# Printed resources to learn Tagalog



## iggyca

I'm looking to order a good Tagalog book to help me out. I live in Canada and the only books I can find here are small travellers pocket books with phrases but very little explanations. 

What I'm really look for is a book that explains in depth about affixes, how they are used etc. I've heard the father Leo English is a good one.

Any advice would be appreciated before I go choose one.


----------



## Paul_B

The best book I've found so far is *Basic Tagalog for Foreigners and Non-Tagalogs* by Paraluman Aspillera. You can find the Table of Contents using Google. Unfortunately it's not the most thorough book, so you'll have to use it in conjunction with other Tagalog resources.


----------



## romelako

Unfortunately there aren't many printed resources of Tagalog that are worth reading.  Actually, there really aren't a lot of resources.  This website:

http://www.seasite.niu.edu/Tagalog/Tagalog_Homepage99/learning_tagalog_on_this_site.htm

...is a pretty good website to start learning the grammar basics.  It even has a list of Tagalog verbs with both their Actor-Focus and Object-Focus forms.  I wouldn't recommend the reading examples as they are the older forms of Tagalog and some are difficult to understand.

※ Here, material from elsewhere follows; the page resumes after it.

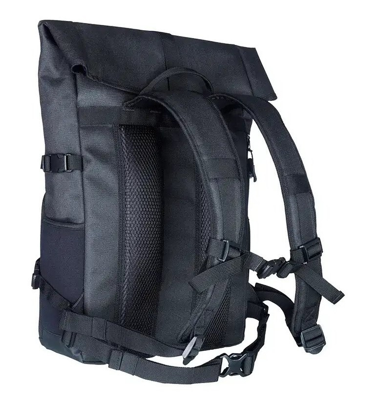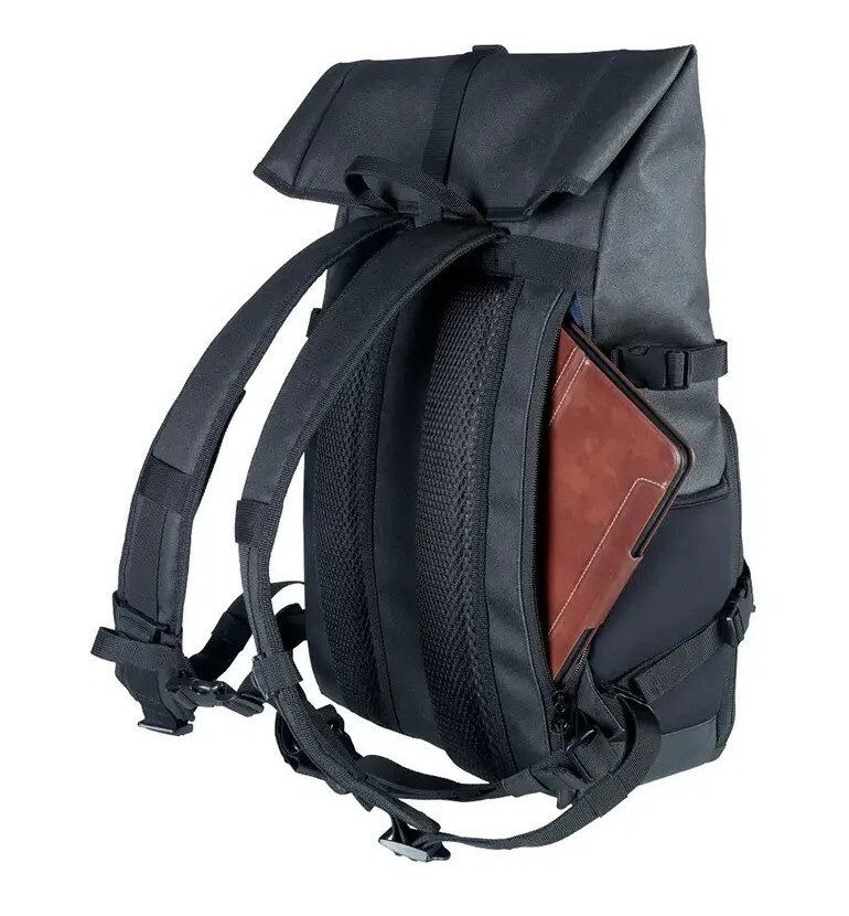 Horní část batohu můžete srolovat. To společně se zipovou kapsou na přední straně umožňuje rychlý přístup k vašim věcem. Vnitřní strana zipové kapsy obsahuje přihrádky na paměťové karty, dokumenty nebo jiné příslušenství. Nespadne úplně dolů, ale vějířovitě se rozkládá, takže při otevření nevypadnou žádné produkty.

There are still so many more affixes that aren't covered at that website.  I haven't been able to find a website that has all of the affixes, so it's very difficult.

I hope this helps.


----------



## mikeneve

The best book out there is Tagalog Verb Guide by Hawkins and Gallo-Crail. The hardest part of learning Tagalog is verb focus and orientation. If you can get that down, then the language comes easy. The book really breaks it down and make learning easy.


----------